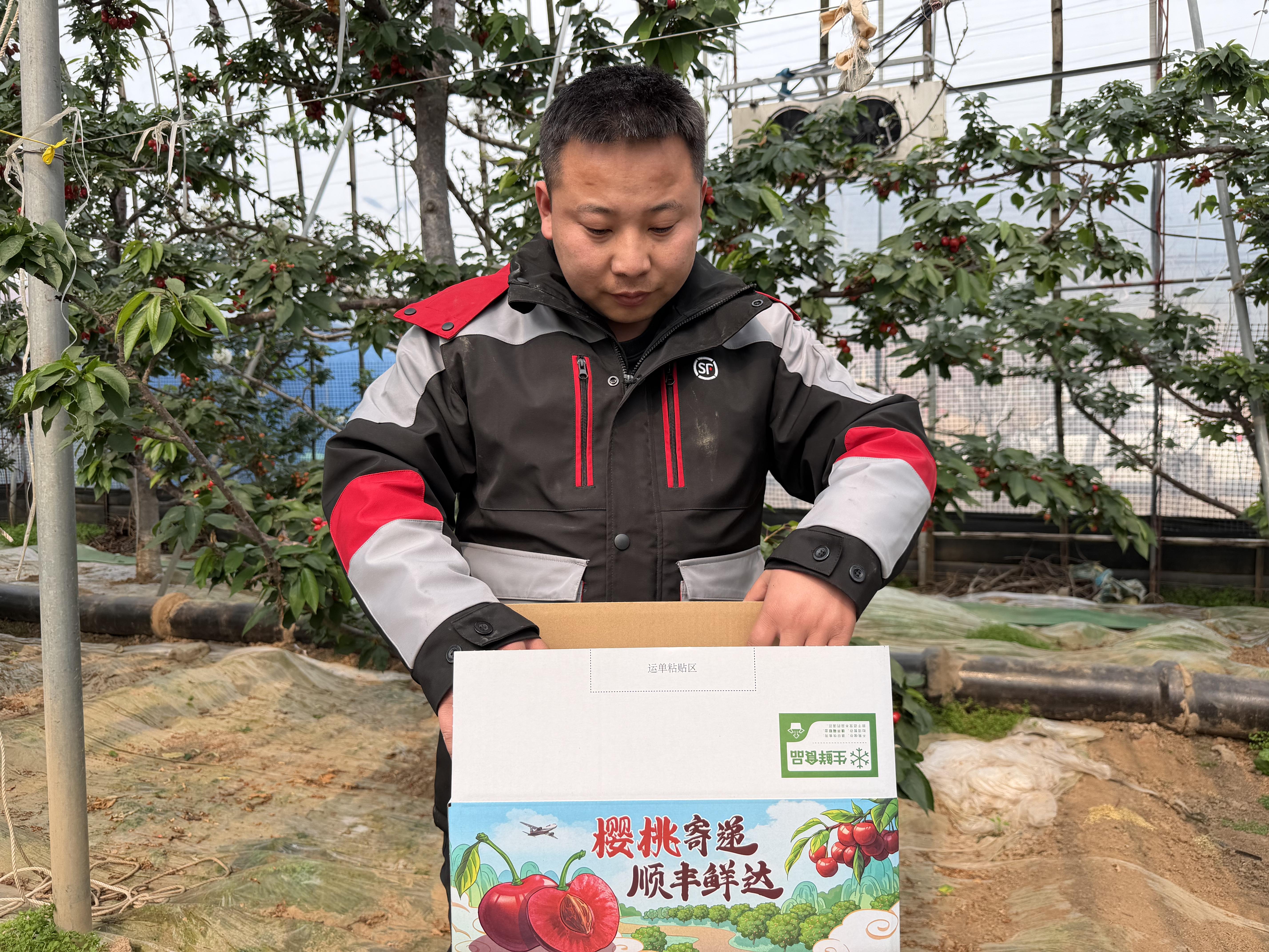 在孟凡红的大棚里,收购商李贡峰的手机一直响个不停,高峰时每日发出300多箱早熟大樱桃,95%的订单发往千里之外的广东。3年前,他将发货全部委托给顺丰。如今,下午装箱的樱桃,第二天10时即可送达广东客户手中,全程仅需15小时;发往新疆的货物,不到24小时便能完成签收。凭借稳定的时效与品质,去年李贡峰发出3000多件樱桃,零破损零纠纷。
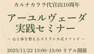 おかげさまで、Karunakarala Ayurveda Group の代官山サロンは10周年を迎えることができました。 日頃から支えてくださる皆さまに、心より感謝申し上げます。 この節目を記念し、特別なセミナーを開催いたします✨ ━━━━━━━━━━━━━━ 【代官山サロン10周年記念】 アーユルヴェーダ実践セミナー 〜心と体を整えるスリランカ式メソッド〜 スリランカ・コロンボ大学アーユルヴェーダ学部長 カマル教授来日 ━━━━━━━━━━━━━━ アーユルヴェーダって難しそう? いいえ、実は毎日の暮らしで すぐに使える実践的な知恵なんです。 今回は”知識”より”実践”。 明日から使えるメソッドをお伝えします 【セミナー概要】 2025年11月22日(土)13:00〜15:00
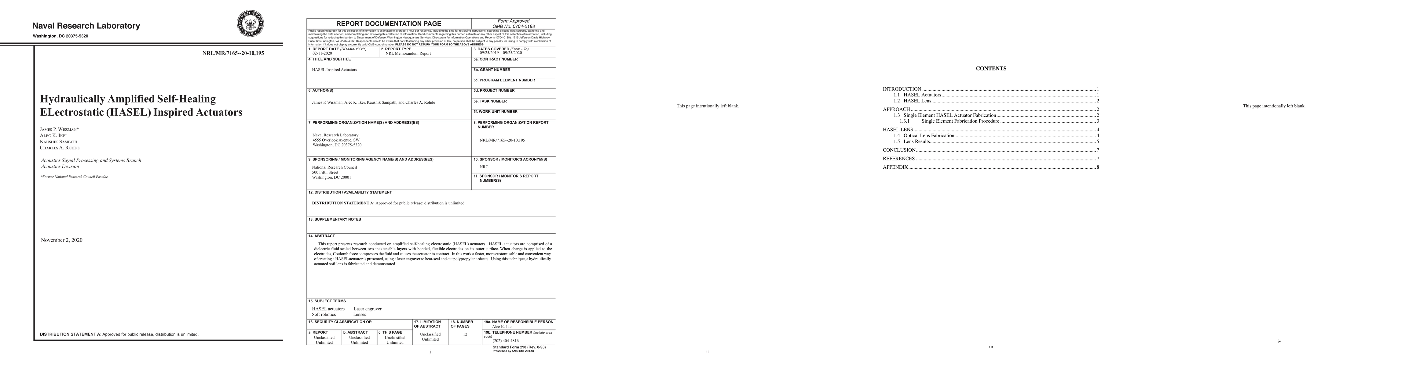 This report presents research conducted on amplified self-healing electrostatic (HASEL) actuators. HASEL actuators are comprised of a dielectric fluid sealed between two inextensible layers with bonded, flexible electrodes on its outer surface. When charge is applied to the electrodes, Coulomb force compresses the fluid and causes the actuator to contract. In this work a faster, more customizable and convenient way of creating a HASEL actuator is presented, using a laser engraver to heat-seal and cut polypropylene sheets. Using this technique, a hydraulically actuated soft lens is fabricated and demonstrated.
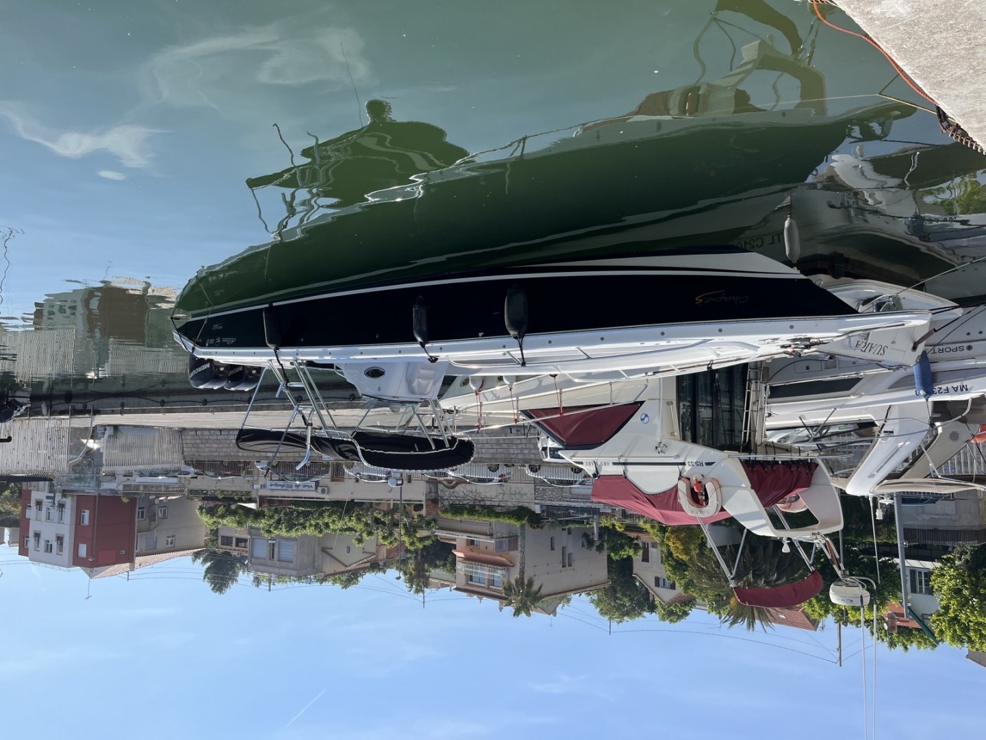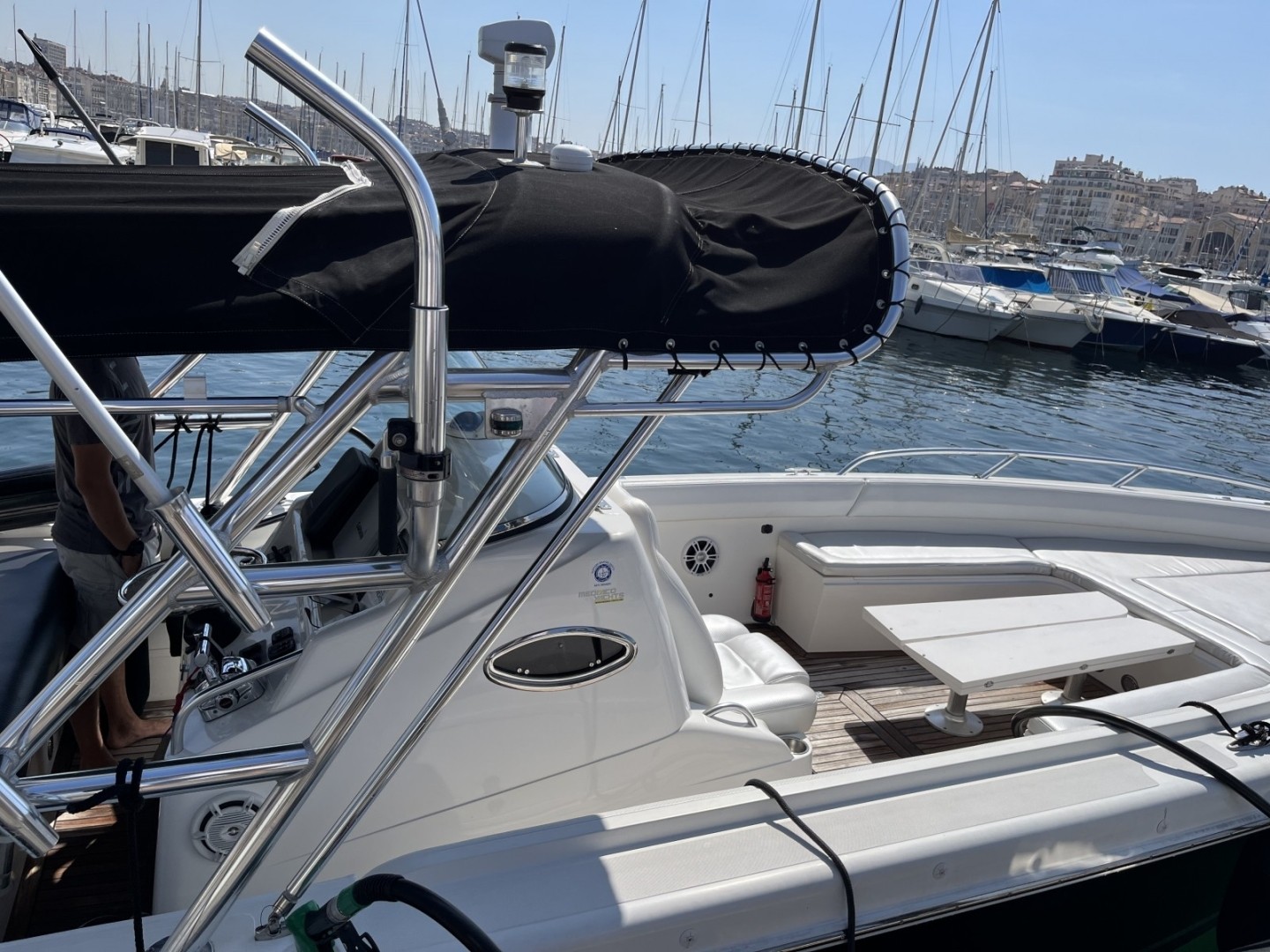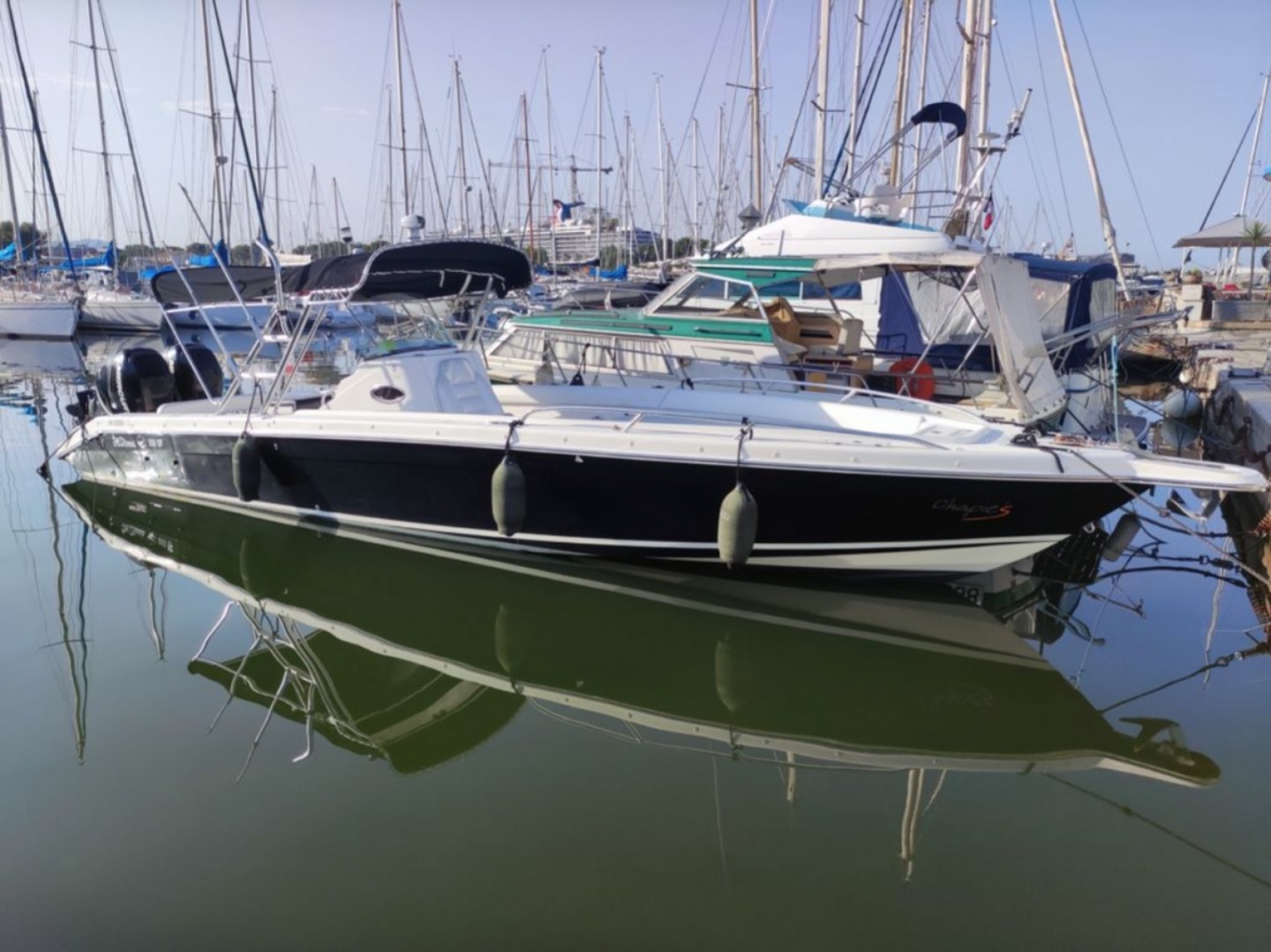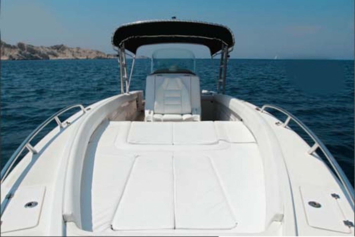 El precio del alquiler de la embarcación open Craft 360 AL DHAEN no incluye combustible ni el patrón obligatorio. Debes pagar la provisión del patrón al abandonar el barco: 300€, luego al finalizar tu viaje deberás reponer tu depósito de combustible. Calcula entre 150 y 350 € de combustible para un gran día en el mar. ¡Esta Al Dhean Craft - 360 Open mide 11 metros de largo! Es atípico por su línea y sus actuaciones offshore. Representa más que nunca la versatilidad característica de lo abierto. Su plano de cubierta es muy agradable y amigable. Nos encanta su nivel de acabado. En la parte delantera, encuentra una tumbona que se puede transformar en mesa. Alrededor de esta mesa pueden sentarse 4 o 5 personas. En la popa, un gran salón en forma de U también se puede convertir en tumbona. El barco está equipado con elementos de confort, WC eléctrico, ducha de agua dulce en cubierta, música, apertura lateral para facilitar el acceso al baño. Todo nuestro equipo está a su disposición para resolver sus dudas.
○ ○ ○ ○
| ASSIGNMENT |
Apart from the images, every line above is to be given again exactly.

| RESPONSE TO THIS EXERCISE |
 在孟凡红的大棚里,收购商李贡峰的手机一直响个不停,高峰时每日发出300多箱早熟大樱桃,95%的订单发往千里之外的广东。3年前,他将发货全部委托给顺丰。如今,下午装箱的樱桃,第二天10时即可送达广东客户手中,全程仅需15小时;发往新疆的货物,不到24小时便能完成签收。凭借稳定的时效与品质,去年李贡峰发出3000多件樱桃,零破损零纠纷。
 おかげさまで、Karunakarala Ayurveda Group の代官山サロンは10周年を迎えることができました。 日頃から支えてくださる皆さまに、心より感謝申し上げます。 この節目を記念し、特別なセミナーを開催いたします✨ ━━━━━━━━━━━━━━ 【代官山サロン10周年記念】 アーユルヴェーダ実践セミナー 〜心と体を整えるスリランカ式メソッド〜 スリランカ・コロンボ大学アーユルヴェーダ学部長 カマル教授来日 ━━━━━━━━━━━━━━ アーユルヴェーダって難しそう? いいえ、実は毎日の暮らしで すぐに使える実践的な知恵なんです。 今回は”知識”より”実践”。 明日から使えるメソッドをお伝えします 【セミナー概要】 2025年11月22日(土)13:00〜15:00
 This report presents research conducted on amplified self-healing electrostatic (HASEL) actuators. HASEL actuators are comprised of a dielectric fluid sealed between two inextensible layers with bonded, flexible electrodes on its outer surface. When charge is applied to the electrodes, Coulomb force compresses the fluid and causes the actuator to contract. In this work a faster, more customizable and convenient way of creating a HASEL actuator is presented, using a laser engraver to heat-seal and cut polypropylene sheets. Using this technique, a hydraulically actuated soft lens is fabricated and demonstrated.
 El precio del alquiler de la embarcación open Craft 360 AL DHAEN no incluye combustible ni el patrón obligatorio. Debes pagar la provisión del patrón al abandonar el barco: 300€, luego al finalizar tu viaje deberás reponer tu depósito de combustible. Calcula entre 150 y 350 € de combustible para un gran día en el mar. ¡Esta Al Dhean Craft - 360 Open mide 11 metros de largo! Es atípico por su línea y sus actuaciones offshore. Representa más que nunca la versatilidad característica de lo abierto. Su plano de cubierta es muy agradable y amigable. Nos encanta su nivel de acabado. En la parte delantera, encuentra una tumbona que se puede transformar en mesa. Alrededor de esta mesa pueden sentarse 4 o 5 personas. En la popa, un gran salón en forma de U también se puede convertir en tumbona. El barco está equipado con elementos de confort, WC eléctrico, ducha de agua dulce en cubierta, música, apertura lateral para facilitar el acceso al baño. Todo nuestro equipo está a su disposición para resolver sus dudas.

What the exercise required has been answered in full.